[Data listing]

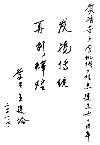 王建伦:精密仪器与机械学系、机械工程系七十华诞题词
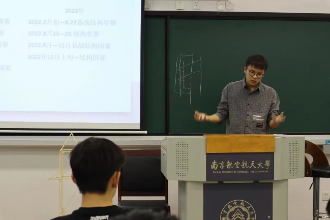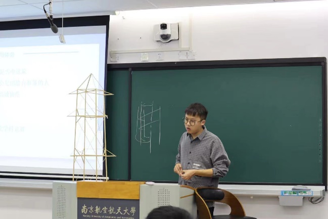 陈康泽的分享也从自身经历出发,但更着重于分享竞赛过程中的遇到的困难,收获的喜悦和感动。他为同学们推荐了一些适合入门的竞赛,也带来了自己之前参加结构创新大赛的作品,给同学们简单介绍它的原理,激发了同学们参加科创竞赛的热情。
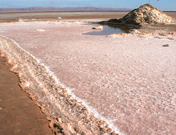 道路わきの水路のような水溜りの周囲と底は真っ白な塩の塊となっているが一部はピンク色をしている。
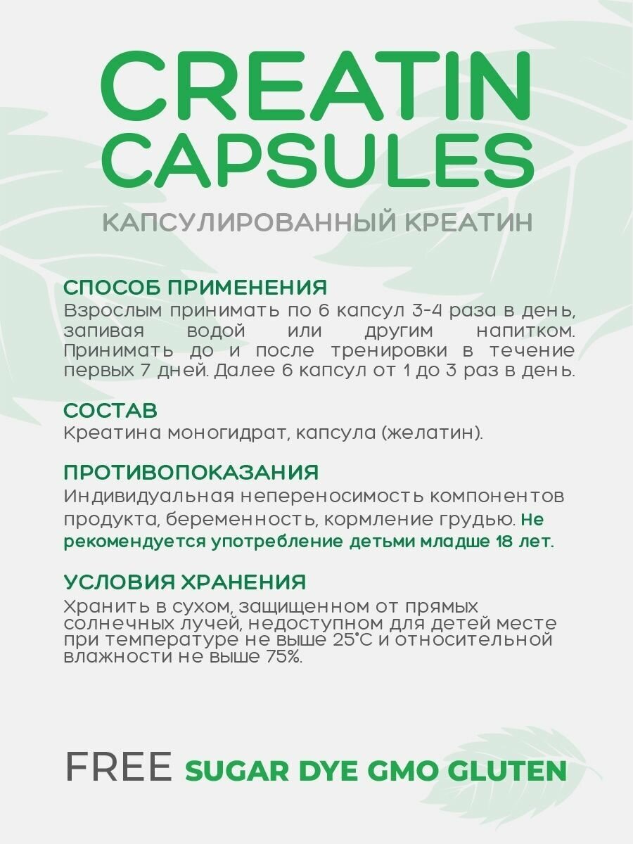 Креатин Моногидрат 100% в капсулах, 120 капсул, Creatine для роста мышц и силы, Rocket Nutrition
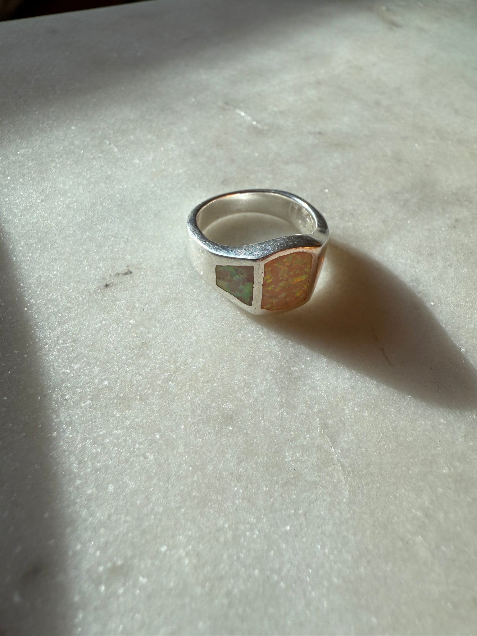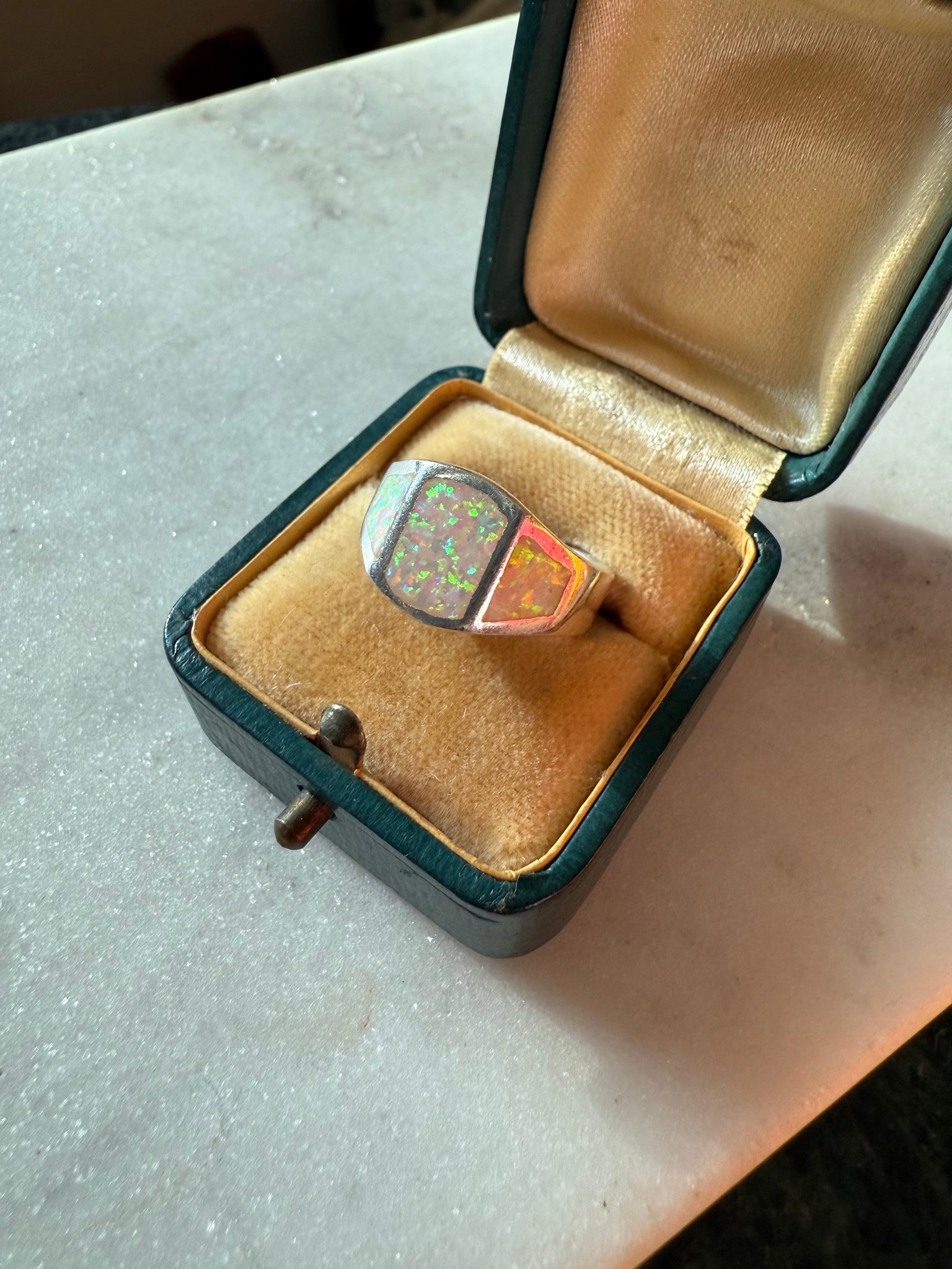 .925 Sterling Silver rhodium plated with simulated opal • 5.6 grams • Ring size 5.75
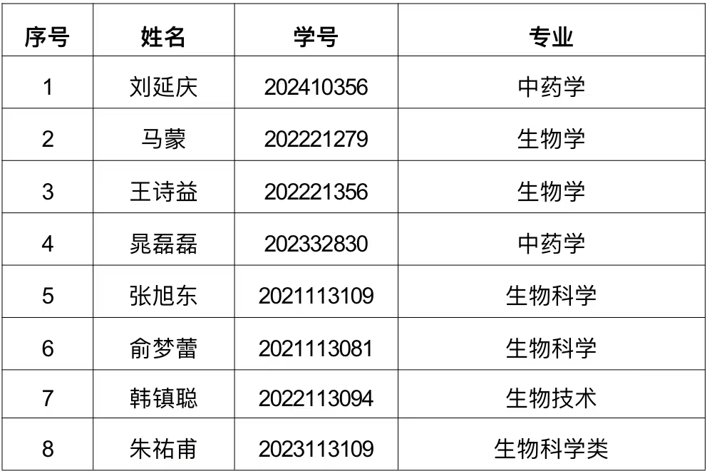 生命科学学院2024年“西北大学 ‘玖熙健康’奖学金”拟推荐名单公示
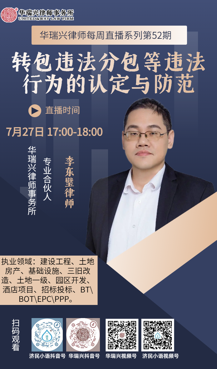 编辑/谢文涵 审核/ 陈熙 华瑞兴客户宣传部出品 专业合伙人 执业领域:建设工程、土地房产、基础设施、三旧改造、土地一级、园区开发、酒店项目、招标投标、BT\BOT\EPC\PPP。 【经办案例】 1、广州市东建实业有限公司房屋买卖合同纠纷系列诉讼案件(共65件) 2、广东中南建设有限公司与李万奇建设工程施工合同纠纷案件 3、广东建雅室内工程设计施工有限公司与广州康纳天花有限公司货物买卖合同诉讼案件 4、刘记房房屋买卖合同纠纷系列案件(共29件) 5、广州星湖泰富房地产有限公司房屋租赁合同纠纷系列案件(共6件) 6、中建四局第五建筑工程有限公司与广州市番禺区房地产联合开发总公司大石公司建设工程施工合同纠纷案件 7、广州市建筑集团有限公司与广东省农垦工商发展有限公司建设工程施工合同纠纷执行案件 8、广州地铁集团有限公司与广东华之源信息工程有限公司服务合同纠纷案件 lidongbi@gdhrx.com 18565035380
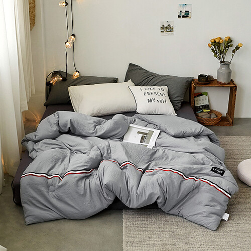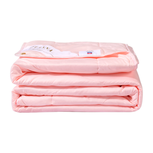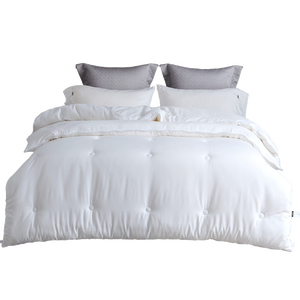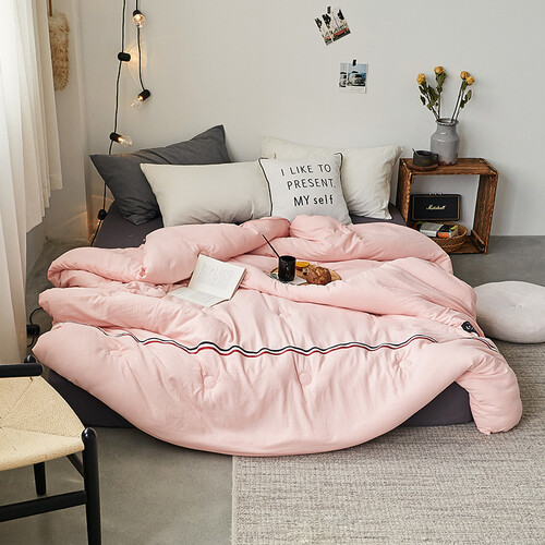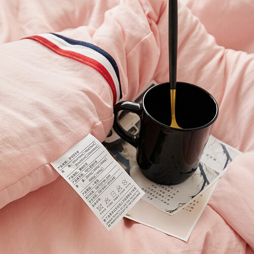 采用了圆点立衬工艺,定点绗缝,保证羽丝绒分布均匀不移位板结。采用圆点立衬工艺,可使被内的羽丝绒分布均匀,避免久用结团。
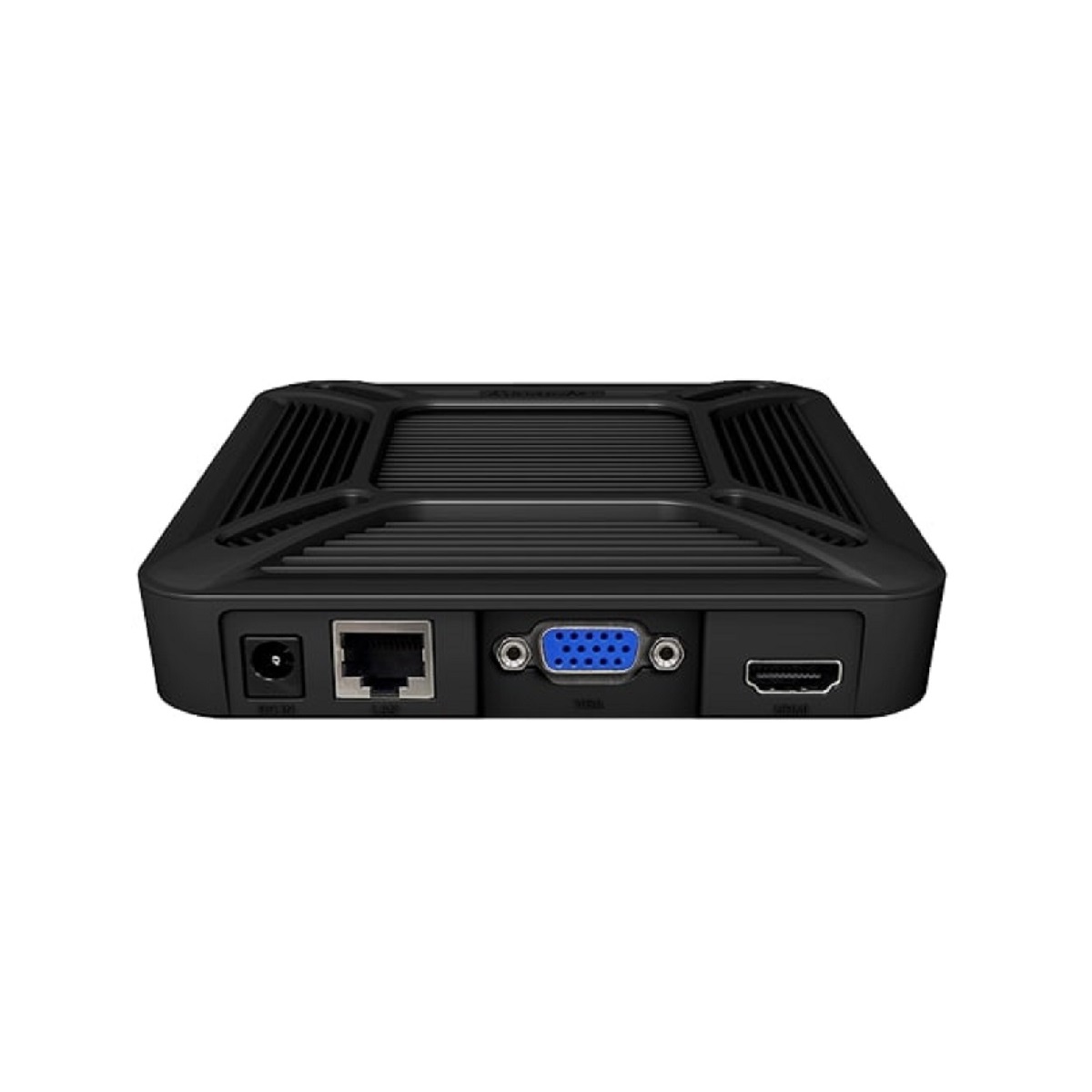 The whole system fits in a palm-sized enclosure and can be easily attached to a wall or the back of a screen with a VESA compatible mount.
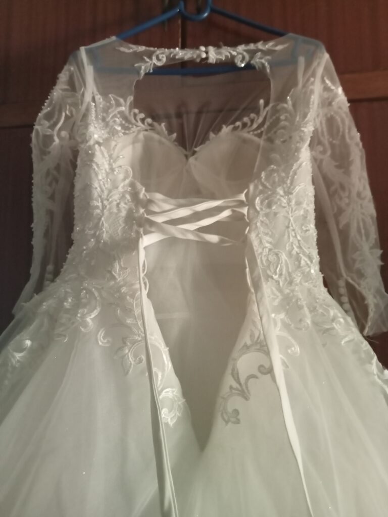 Beautiful Lace and Pearl Princess Dress size 34-36. Worn once and has been dry-cleaned. Includes dress hoop and travel bag.
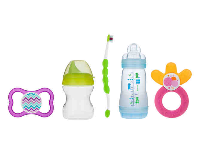 Assorted package of pacifiers, teethers, bottles and oral care items from MAM Baby.
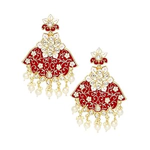 Fabula by OOMPH Jewellery Red Meenakari & Kundan Pearls Floral Large Ethnic Drop Earring For Women & Girls Stylish Latest
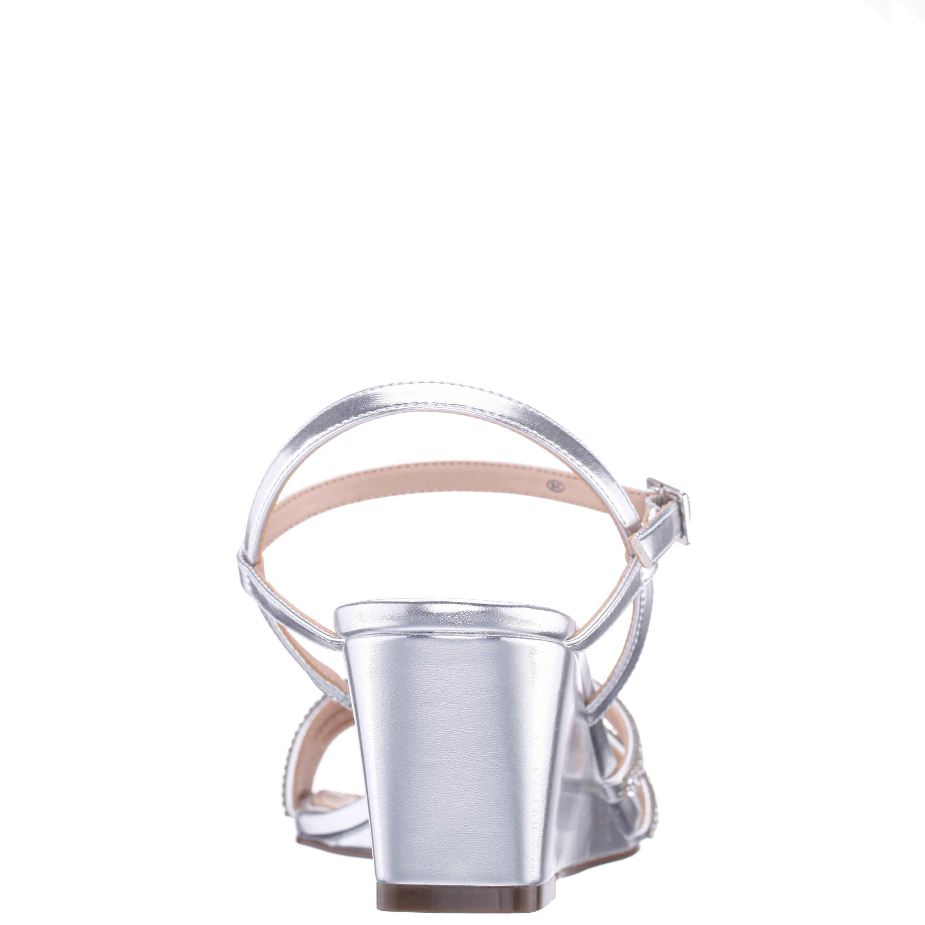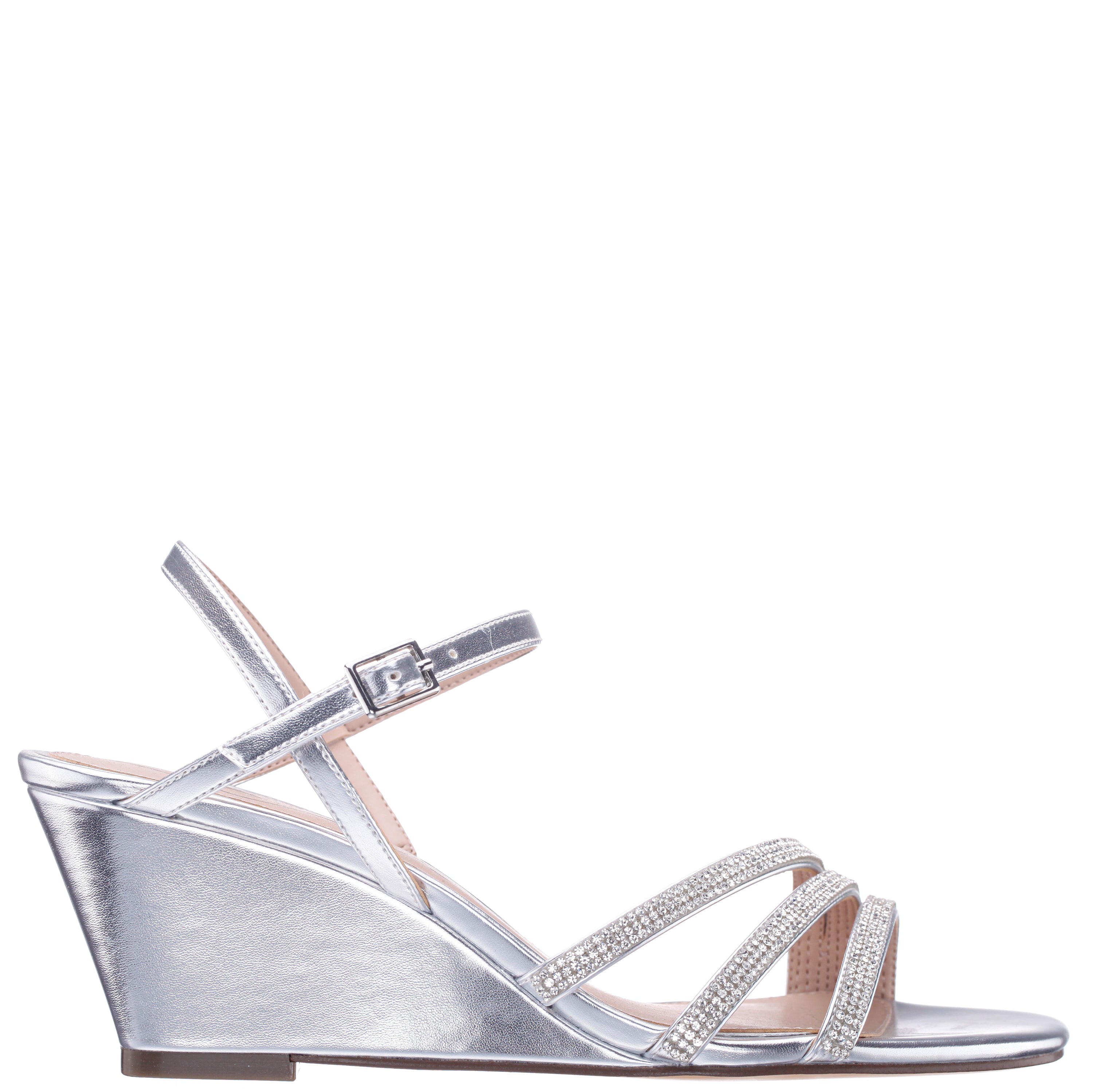 Truly, a glamorous and elegant wedge, SABINA by Nina Shoes has just enough sparkle to catch the eye. Slender bands of crystals cross the vamp in a sparkling pattern complimenting the metallic foil materialization. This sleek and sophisticated wedge offers a comfortable height and a secure ankle strap that elongates the leg. A chic design that easily transitions from day to night, SABINA is a welcome addition to your spring footwear wardrobe.

[/Data listing]

What to produce: In the data above, take the line with "Beautiful Lace and", the line with "Fabula by OOMPH", and every line between, and set them down exactly without pictures.

Written answer:
 Beautiful Lace and Pearl Princess Dress size 34-36. Worn once and has been dry-cleaned. Includes dress hoop and travel bag.
 Assorted package of pacifiers, teethers, bottles and oral care items from MAM Baby.
 Fabula by OOMPH Jewellery Red Meenakari & Kundan Pearls Floral Large Ethnic Drop Earring For Women & Girls Stylish Latest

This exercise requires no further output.